Ia juga menyatakan keprihatinannya terhadap isu perubahan iklim yang mendesak.
“Tidak diragukan lagi, kerusakan ekosistem dan polusi terjadi di seluruh dunia. Namun, negara-negara industri tetap menjadi kontributor utama perubahan iklim,” ujarnya. “Kami telah melihat banyak upaya untuk mengurangi risiko terhadap bumi kita. Sayangnya, kami belum melihat adanya perbaikan yang signifikan. Kami terus melihat laporan mengenai situasi perubahan iklim yang semakin memburuk.”
Ia menyerukan upaya kolektif yang lebih kuat dalam hal ini, terutama dari negara-negara industri besar, dengan memberikan contoh dan berupaya mengurangi emisi gas rumah kaca dan polusi dalam segala bentuk.
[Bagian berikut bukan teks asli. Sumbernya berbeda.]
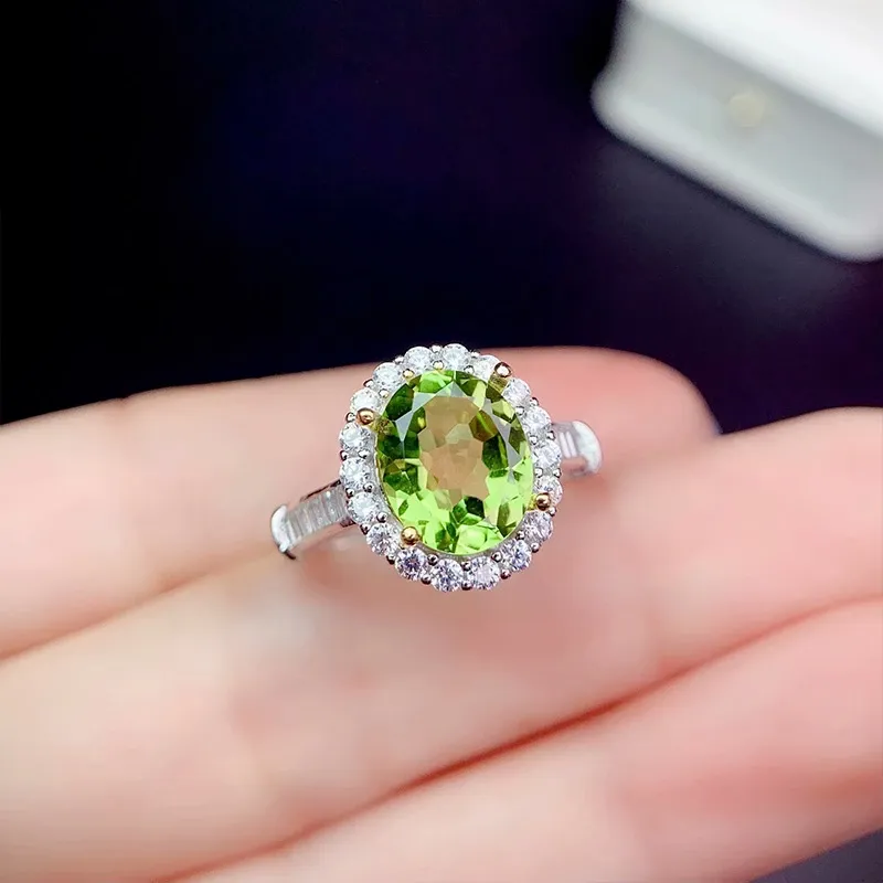 S925 18K Dual-Tone Gold Ring Setting T-Baguette Halo for 8x10mm Oval Topaz/Peridot

Kin Phea, direktur Institut Hubungan Internasional di Royal Academy of Kamboja, mencatat bahwa poin-poin yang diangkat oleh Tea Banh diabadikan dalam kebijakan luar negeri Kamboja yang teguh.
Menteri Pertahanan menekankan bahwa konflik Rusia-Ukraina tidak dapat diselesaikan melalui ‘perang untuk mengakhiri perang’, tetapi hanya melalui negosiasi damai, sesuai dengan Piagam PBB, hukum internasional, atau melalui kebijakan win-win. Ini adalah satu-satunya cara untuk memastikan perdamaian abadi,” katanya.
“Jika pihak-pihak yang terlibat secara langsung dan tidak langsung terus mendorong terjadinya pertempuran, melalui pengiriman atau senjata, atau cara lain apa pun yang memicu konflik, maka perang tidak akan berakhir,” tambahnya.
Phea memperingatkan bahwa jika pertempuran terus berlanjut, krisis bahan bakar dan pangan global saat ini akan semakin parah.
Menteri Pertahanan Nasional Tiongkok Li Shangfu juga menyampaikan pidato pada pertemuan puncak tersebut. Dia mengatakan Tiongkok bermaksud untuk terus berpartisipasi dalam latihan bersama, termasuk latihan Naga Emas Tiongkok-Kamboja.
“Sejak tahun 2002, Tiongkok telah mengadakan sekitar 300 latihan gabungan dengan lebih dari 60 negara. Kedepannya, Tiongkok akan terus berpartisipasi dalam kerja sama di bidang kedokteran militer, pekerjaan ranjau kemanusiaan, dan pemeliharaan perdamaian di bawah kerangka ASEAN,” ujarnya.
“Kami akan memperdalam dan memperluas pertukaran bilateral dan multilateral dengan negara-negara lain di kawasan dalam bidang peralatan dan teknologi, akademi militer, dukungan logistik, budaya militer, meteorologi militer, dan kesehatan masyarakat,” tambahnya.